Another approach is to look at the percentage of variance explained, it’s good if components explain 70-90%. I expect that this approach will clarify whether we should choose 2 or 3 components.
fviz_eig(pca1, choice = 'variance', addlabels = TRUE, ylim = c(0, 51), barfill = 'orange')
summary(pca1)
## Importance of components:
## PC1 PC2 PC3 PC4 PC5 PC6 PC7
## Standard deviation 1.9828 1.3959 0.9531 0.86693 0.75951 0.55665 0.51685
## Proportion of Variance 0.4368 0.2165 0.1009 0.08351 0.06409 0.03443 0.02968
## Cumulative Proportion 0.4368 0.6533 0.7543 0.83777 0.90186 0.93629 0.96597
## PC8 PC9
## Standard deviation 0.40314 0.37912
## Proportion of Variance 0.01806 0.01597
## Cumulative Proportion 0.98403 1.00000
Basing on the above plots, I will stand for choosing 3 components. If we take a look at the cumulative variance explained we will find that 2 components explain 65% of variance which is not enough. The first three components explain more than 75%, which will be satisfactory in our case.

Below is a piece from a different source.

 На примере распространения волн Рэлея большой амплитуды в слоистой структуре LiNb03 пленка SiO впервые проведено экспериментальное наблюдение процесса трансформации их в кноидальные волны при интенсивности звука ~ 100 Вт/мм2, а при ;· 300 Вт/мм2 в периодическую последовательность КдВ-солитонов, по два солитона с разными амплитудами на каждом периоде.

fviz_pca_var(pca1, col.circle = "grey70", alpha.var = 1, col.var = "black")
pca1$rotation[,1:3]
## PC1 PC2 PC3
## hdlngth -0.4340508 -0.06327447 0.15067425
## skullw -0.3862225 -0.11092066 0.25134145
## totlngth -0.4182651 -0.07807963 -0.34060125
## taill -0.1931942 -0.48143520 -0.53479000
## footlgth -0.3069891 0.49706230 -0.07909586
## earconch -0.1385685 0.63854590 -0.02187670
## eye -0.1857378 -0.27637753 0.70938382
## chest -0.4094552 0.08877102 -0.01128898
## belly -0.3668335 -0.08209775 -0.04502895
grid.arrange(a,b,c,top='Contribution to the Principal Components')

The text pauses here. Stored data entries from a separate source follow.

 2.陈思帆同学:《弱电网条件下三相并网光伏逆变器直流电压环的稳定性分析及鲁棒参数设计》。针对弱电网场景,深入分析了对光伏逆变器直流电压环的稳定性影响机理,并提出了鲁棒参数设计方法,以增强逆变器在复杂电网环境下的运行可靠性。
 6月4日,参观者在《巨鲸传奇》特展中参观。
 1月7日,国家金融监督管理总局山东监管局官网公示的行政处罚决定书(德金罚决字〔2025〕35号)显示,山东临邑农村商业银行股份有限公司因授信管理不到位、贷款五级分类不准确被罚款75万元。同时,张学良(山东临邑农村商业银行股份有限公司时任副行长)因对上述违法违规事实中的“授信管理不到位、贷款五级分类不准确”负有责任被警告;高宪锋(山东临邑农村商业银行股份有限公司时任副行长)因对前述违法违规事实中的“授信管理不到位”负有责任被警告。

We can try to interpret the principal components, but note that the principal components themselves do not have an economic interpretation. The first principal component accounts for the overall dimensions of the possums.

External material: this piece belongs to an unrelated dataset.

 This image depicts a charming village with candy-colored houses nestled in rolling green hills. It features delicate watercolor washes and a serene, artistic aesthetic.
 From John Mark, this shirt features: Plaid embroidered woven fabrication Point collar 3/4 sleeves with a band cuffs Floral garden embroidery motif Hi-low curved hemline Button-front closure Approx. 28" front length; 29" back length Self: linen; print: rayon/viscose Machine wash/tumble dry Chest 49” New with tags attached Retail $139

While the contribution to the second principal component is in 40% is the ear conch length variable.
The third principal component is in 50% the variable ‘eye’ corresponding to distance from medial canthus to lateral canthus of right eye.
Below in the graph, we can see that the possum population named Vic is dimensionally different from the others:
fviz_pca_ind(pca1,
geom="point",
habillage = possum1$Pop
)
A 3D chart was also created allowing us to visualize the 3 dimensions of our analysis on a single chart. The points on the graph correspond to each observation and their colors represent age.
library(rgl)
plot3d(pca1$x[,1:3], col = factor(possum$age))
text3d(pca1$rotation[,1:3], texts = rownames(pca1$rotation), col='blue')
coords <- NULL
for (i in 1:nrow(pca1$rotation)) {
coords <- rbind(coords, rbind(c(0,0,0),pca1$rotation[i,1:3]))
}
lines3d(coords, col="orange", lwd=4)
rglwidget()
The main goal of this research was to examine whether body dimensions of possums can be described by a smaller number of variables by dimension reduction. The results of the analysis suggest that it can be done by using three dimensions. This project was done by rather small dataset, but it was a great opportunity to get familiar with an algorithm and better understanding of the data and dependencies between variables.